Moving to the present day, 2022 has actually been worse than 1987. After the crash in 1987, the S&P 500 was down less than 8% YTD. Today, even after a gain of nearly 4% over the last week, the S&P 500 is down more than 20% YTD or twice the decline of the S&P 500 at this point in 1987.
This morning, futures are in the red after trading higher overnight as yields surge with the 10-year nearing 4.10%. Building Permits and Housing Starts were just released and came in mixed relative to expectations with starts missing forecasts while starts came in a bit higher than forecast. Mortgage applications continue to decline, though, suggesting that the sector will continue to face pressure.
It’s now been a week since the S&P 500’s closing low on 10/12 (the intraday low was on 10/13), so we wanted to take a bird’s eye look at where things stand at the index and sector level. Of the Russell 2000 (IWM), Nasdaq 100 (QQQ), and S&P 500 (SPY), IWM probably looks best from a technical perspective. Of the three indices shown, it is the only one that didn’t violate the June lows on a closing basis and is also the only one that made a higher high even if it was just on an intraday basis. For both QQQ and SPY, the charts look very similar as last week’s lows represented lower lows, and the rally over the last few days has yet to make a higher high.

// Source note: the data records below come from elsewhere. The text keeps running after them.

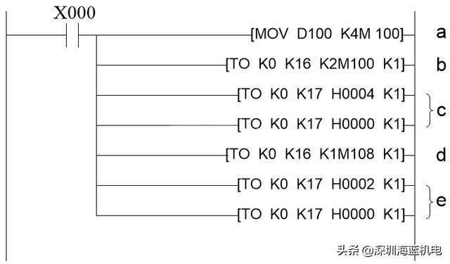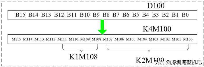 a:数字数据D100扩展到辅助继电器(M100~M115),K4M100表示M100~M115,k1表示连续4个M,例如下面的K2M100就表示M100~M107。(为什么要用M来表示D呢,因为我只转换12位,D是16位的)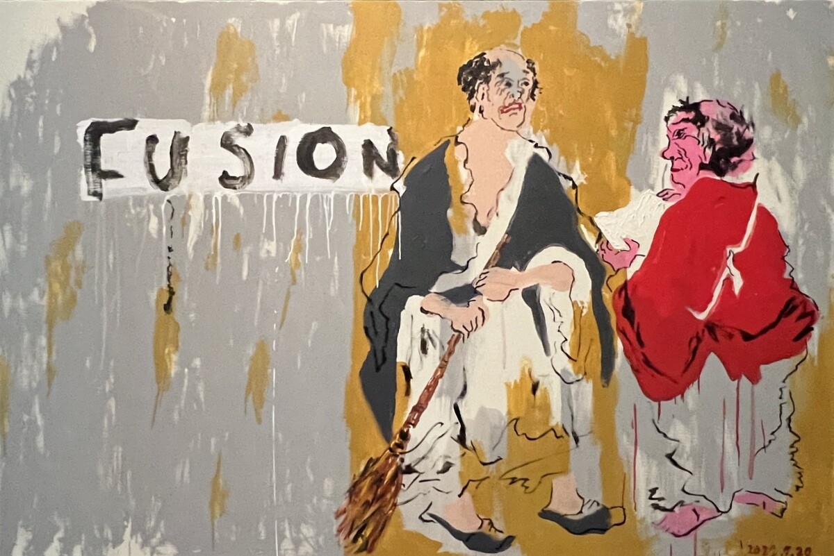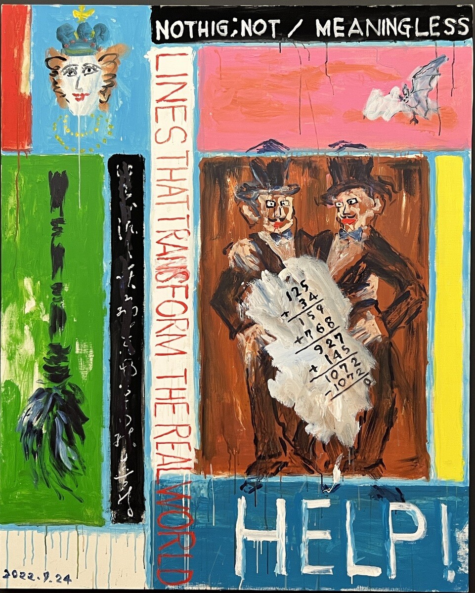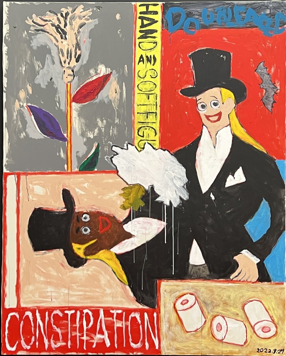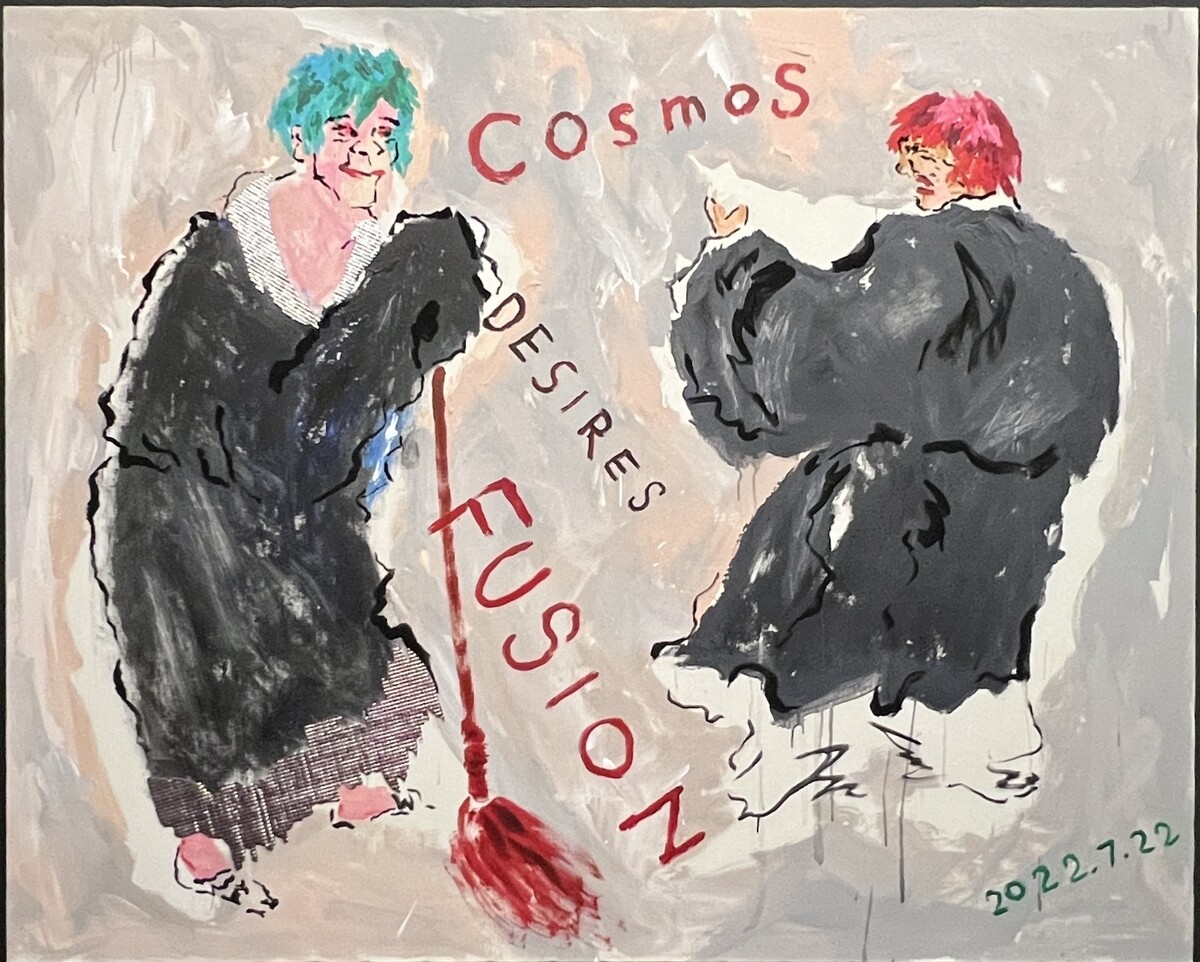 2020年に初めて描いた「寒山拾得2020」を原画としている。左側には拾得が掃除機を高く掲げ、右側の寒山は巻物を持っているが、それが徐々にトイレットペーパーに変わっている。仁王像のような構図となっている。江戸時代中期の画家である曾我蕭白(そがしょうはく 1730~1781)の描いた「寒山拾得」をアレンジしたとのこと。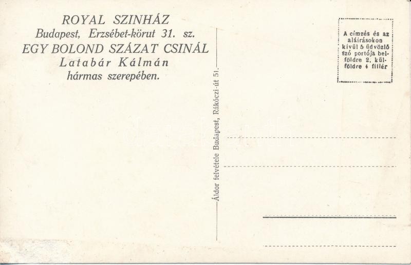 Latabár Kálmán, Egy bolond százat csinál, Budapest, Royal színház (Rb) https://www.darabanth.com/hu/211-Gyorsarveres/211.0/Kepeslapok/Szinesz~800114/Latabar-Kalman-Egy-bolond-szazat-csinal-Budapest-Royal-szinhaz-Rb~II875889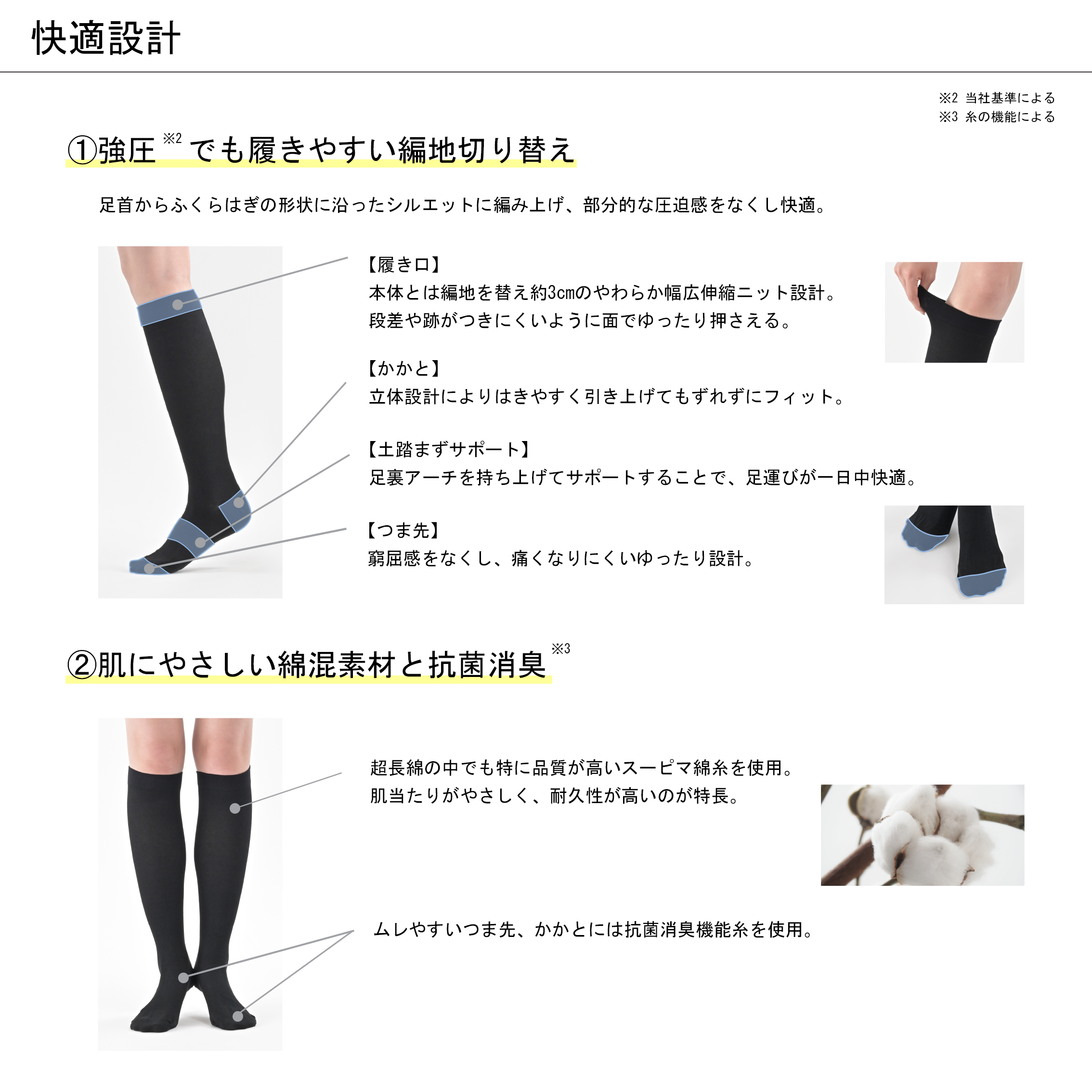 肌当たりが優しい上質なコットン糸で編み上げた強圧設計*²で美と健康をサポート。

At the sector level, Financials have been leading the charge, rallying more than 6% over the last week. Of the remaining ten sectors, the only one not up more than 2.5% is Utilities. Despite the gains from the last week, though, the only sector that has managed to retake its 50-day moving average is Energy, and four sectors (Technology, Real Estate, Consumer Discretionary, and Utilities) still remain at oversold levels.